Today, Thursday 5 February is Time To Talk Day, a national event organised by the Time To Change campaign, to encourage people to tackle stigma and speak out about their mental health. The results of a survey conducted by Time To Change, published today, show that 60% of people with a mental health problem wait over a year before telling the people closest to them.
According to the Time To Change survey, 64% of people said the stigma and discrimination around mental health was as bad or worse than the problem itself. Commenting on the results, Time To Change director Sue Barker said: "It's shocking to see that so many people are still waiting over a year to talk to their nearest and dearest – it's hard to imagine this happening with other health issues. We know that talking openly about mental health is a vital first step towards breaking down stigma and discrimination, so we are asking people to take 5 minutes on the 5th February to do just that."
But it's not just friends and family that people put off speaking to about their mental health. Ahead of Time To Talk Day, we've also been thinking a lot about stigma and the role it plays in preventing people from accessing therapy.
With this in mind, we conducted a small online survey asking people what, if anything, had put them off seeking therapy. Tellingly, the responses were split almost equally between difficulties accessing appropriate services on the one hand, and stigma or embarrassment on the other.
The responses related to stigma included: "being judged", "not being taken seriously", "doctors not taking it seriously", "embarrassment" and "everybody thought I was crazy". Besides the attitudes of doctors, a number of respondents also mentioned concerns about what their parents or families would think.

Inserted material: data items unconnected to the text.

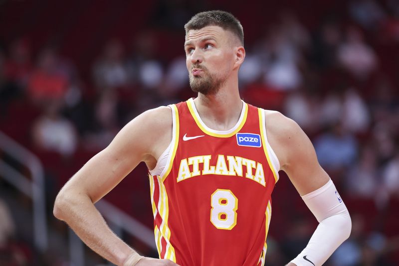 Oct 6, 2025; Houston, Texas, USA; Atlanta Hawks forward/center Kristaps Porzingis (8) reacts during the second quarter against the Houston Rockets at Toyota Center. Mandatory Credit: Troy Taormina-Imagn Images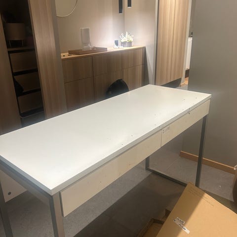 Fullt brukbart og stødig skrivebord med bruksmerker. Skrivebordet er hvitmalt og kan pusses og males for å få det helt fint. Skrivebordet har en tastaturskuff til å dra ut foran. Det kan hentes i Grusveien 5, 1435 Ås. Bena kan demonteres for transport.
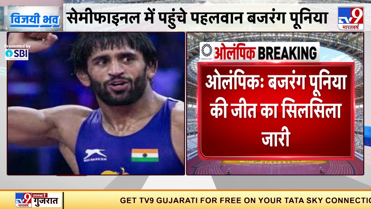 On the wrestling mat of Tokyo Olympics, India’s most domineering wrestler Bajrang Punia has taken two steps towards becoming a Sultan. He defeated the Iranian wrestler in 5 minutes in the quarter-finals of free-style wrestling in the men’s 65 kg category. Bajrang won this match by dropping the Iranian wrestler on the mat. With this, he has reached the semi-finals of this event. Earlier in the pre-quarterfinals, he defeated Kyrgyz wrestler Arnazar. In that Bajrang won on the basis of the best move as the match ended in 3-3 draw. #BajrangPuniaWrestler #INDVsIran #TokyoOlympics2020 Credit: #National | #ShubhankarMishra | #TV9 For Latest news visit | https://www.tv9hindi.com/ Subscribe to TV9 Bharatvarsh https://goo.gl/udchcy Follow TV9 Bharatvarsh on Facebook | https://www.facebook.com/TV9Bharatvarsh/ Follow TV9 Bharatvarsh on Twitter | https://twitter.com/TV9Bharatvarsh Watch more TV9 Bharatvarsh Videos | https://www.tv9hindi.com/videos Know All About Political News | https://www.tv9hindi.com/india Know All About Trending News| https://www.tv9hindi.com/trending Know All about Business news | https://www.tv9hindi.com/business Know All about Latest Bollywood News| https://www.tv9hindi.com/entertainment #TV9Bharatvarsh #HindiNewsLive .

Meanwhile, of the responses related to difficulties accessing therapy, the overwhelming majority of participants referred to long NHS waiting times and waiting lists as a key reason for not having been through therapy.
Responses included: "it being next to impossible to get a psychiatrist", "knowing who to ask", "the time it took to get my first appointment", "long wait for appointment", "lack of therapists" and "the cost of getting help is high."

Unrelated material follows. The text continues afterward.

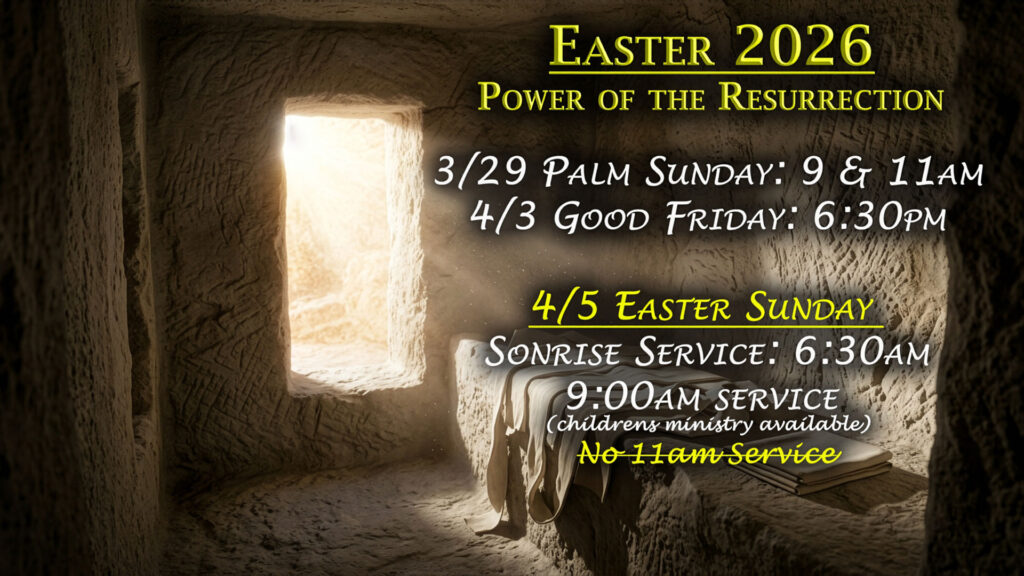 Sun, Apr 5th. Sonrise service will be @ 6:30am in the courtyard, family style service. There will be a free continental breakfast after. We will have only the 9:00am service after that, children’s ministry will be open and they will be having an Easter egg hunt.

RSCPP Chief Executive Officer (CEO) Richard Snowdon said: "The stigma around mental health is still preventing people with mental health problems from accessing help sooner rather than later. Early intervention is important as it can prevent people from suffering in silence and untreated problems becoming worse. Your mental health is as important as your physical health - you wouldn't wait a year to seek help for a broken leg, so try not to wait too long before seeking help for a mental health problem."